[Stored entries]
============
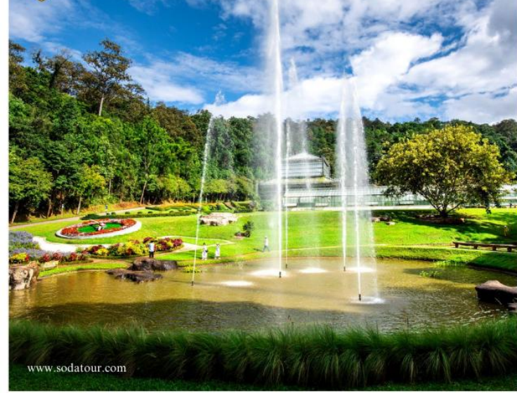
สวนพฤกษศาสตร์สมเด็จพระนางเจ้าสิริกิติ์
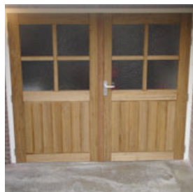
Türen in home, Katwijk (NL)

Schwerpunkte Schnittholz aus Nordamerika und Europa FSC-zertifiziertes Holz Fensterkanteln lamelliert
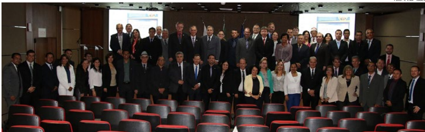
Participantes do Seminário no auditório do CFC

Por Fabrício Santos - Comunicação do CFC
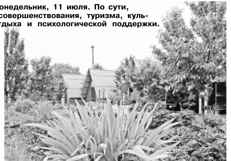
● Уютная территория базы отдыха «Диана» утопает в зелени деревьев и кустарников, создавая радующую глаз атмосферу.
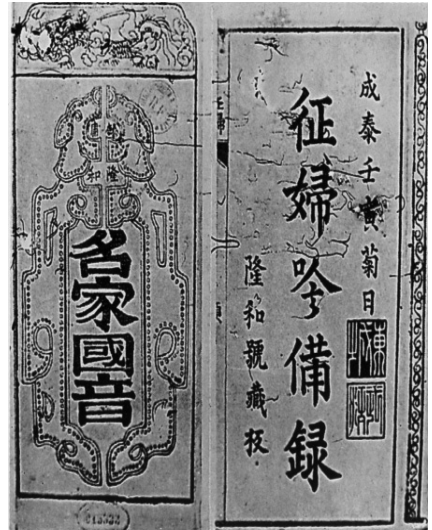
Ảnh bìa cuốn Chinh phụ ngâm bị lục

Sắt cầm (6) gượng gảy ngón đàn, Dây uyên (7) kinh đứt phím loan (8) ngại chùng.
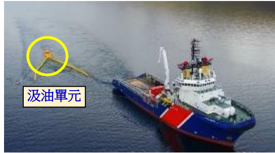
高速海上攔油系統 Current Buster (NOFI, Norway)
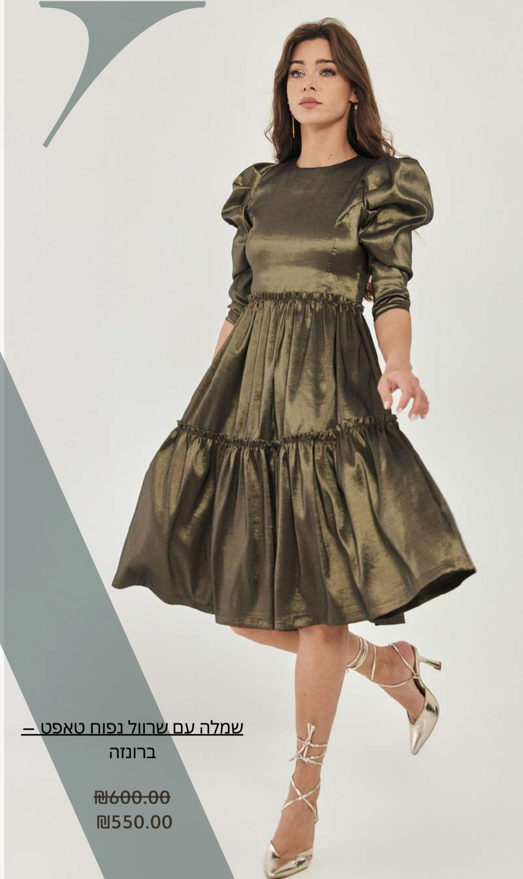
שמלה עם שרוול נפוח טאפט – ברונזה
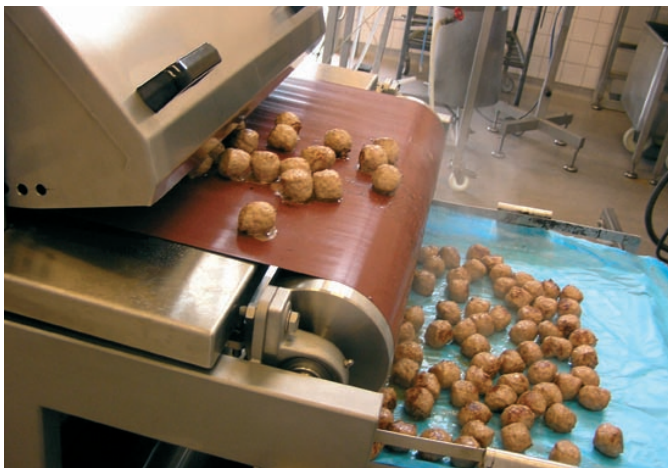
Köttbullar som steks i kombiugnen behöver inte friteras innan.
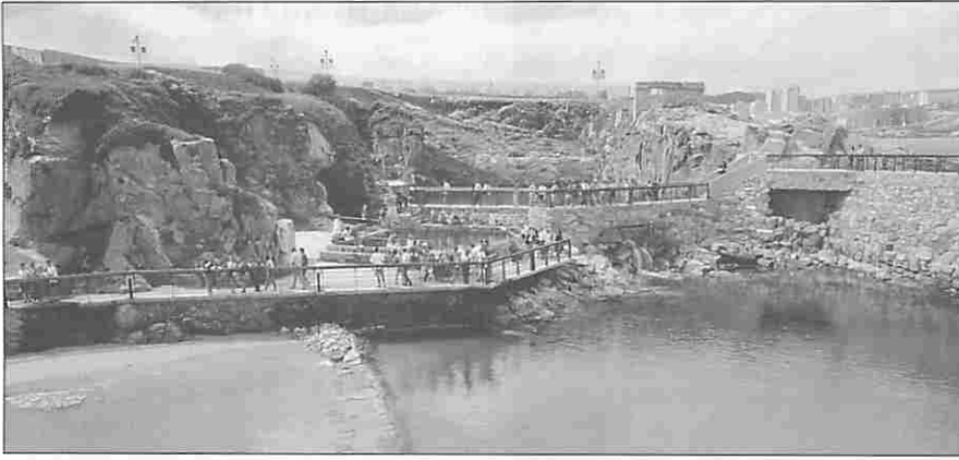
Figura 10. El "Paraíso Marino".
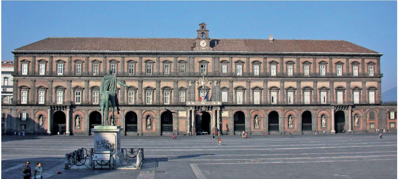
Palazzo Reale, sede dell'attuale Biblioteca Nazionale di Napoli
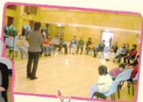
2005年3月16日「與你同行」家長小組(情緒篇)
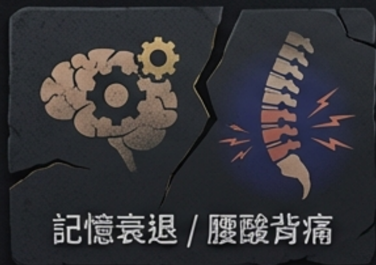
記憶衰退 / 腰酸背痛

許多男人遇到事業瓶頸、家庭失和、甚至走平路都能摔斷腿，總以為是犯太歲。真相極度殘酷：你正在親手抽乾維繫生命最核心的「核能燃料」。
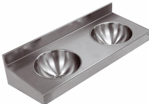
SN0200CS Acabado satinado
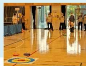
カローリング体験
============
■ PROBLEM TO WORK ON: Exactly as they appear above, give the records again, without their pictures.

■ TASK OUTPUT:
สวนพฤกษศาสตร์สมเด็จพระนางเจ้าสิริกิติ์
Türen in home, Katwijk (NL)

Schwerpunkte Schnittholz aus Nordamerika und Europa FSC-zertifiziertes Holz Fensterkanteln lamelliert
Participantes do Seminário no auditório do CFC

Por Fabrício Santos - Comunicação do CFC
● Уютная территория базы отдыха «Диана» утопает в зелени деревьев и кустарников, создавая радующую глаз атмосферу.
Ảnh bìa cuốn Chinh phụ ngâm bị lục

Sắt cầm (6) gượng gảy ngón đàn, Dây uyên (7) kinh đứt phím loan (8) ngại chùng.
高速海上攔油系統 Current Buster (NOFI, Norway)
שמלה עם שרוול נפוח טאפט – ברונזה
Köttbullar som steks i kombiugnen behöver inte friteras innan.
Figura 10. El "Paraíso Marino".
Palazzo Reale, sede dell'attuale Biblioteca Nazionale di Napoli
2005年3月16日「與你同行」家長小組(情緒篇)
記憶衰退 / 腰酸背痛

許多男人遇到事業瓶頸、家庭失和、甚至走平路都能摔斷腿，總以為是犯太歲。真相極度殘酷：你正在親手抽乾維繫生命最核心的「核能燃料」。
SN0200CS Acabado satinado
カローリング体験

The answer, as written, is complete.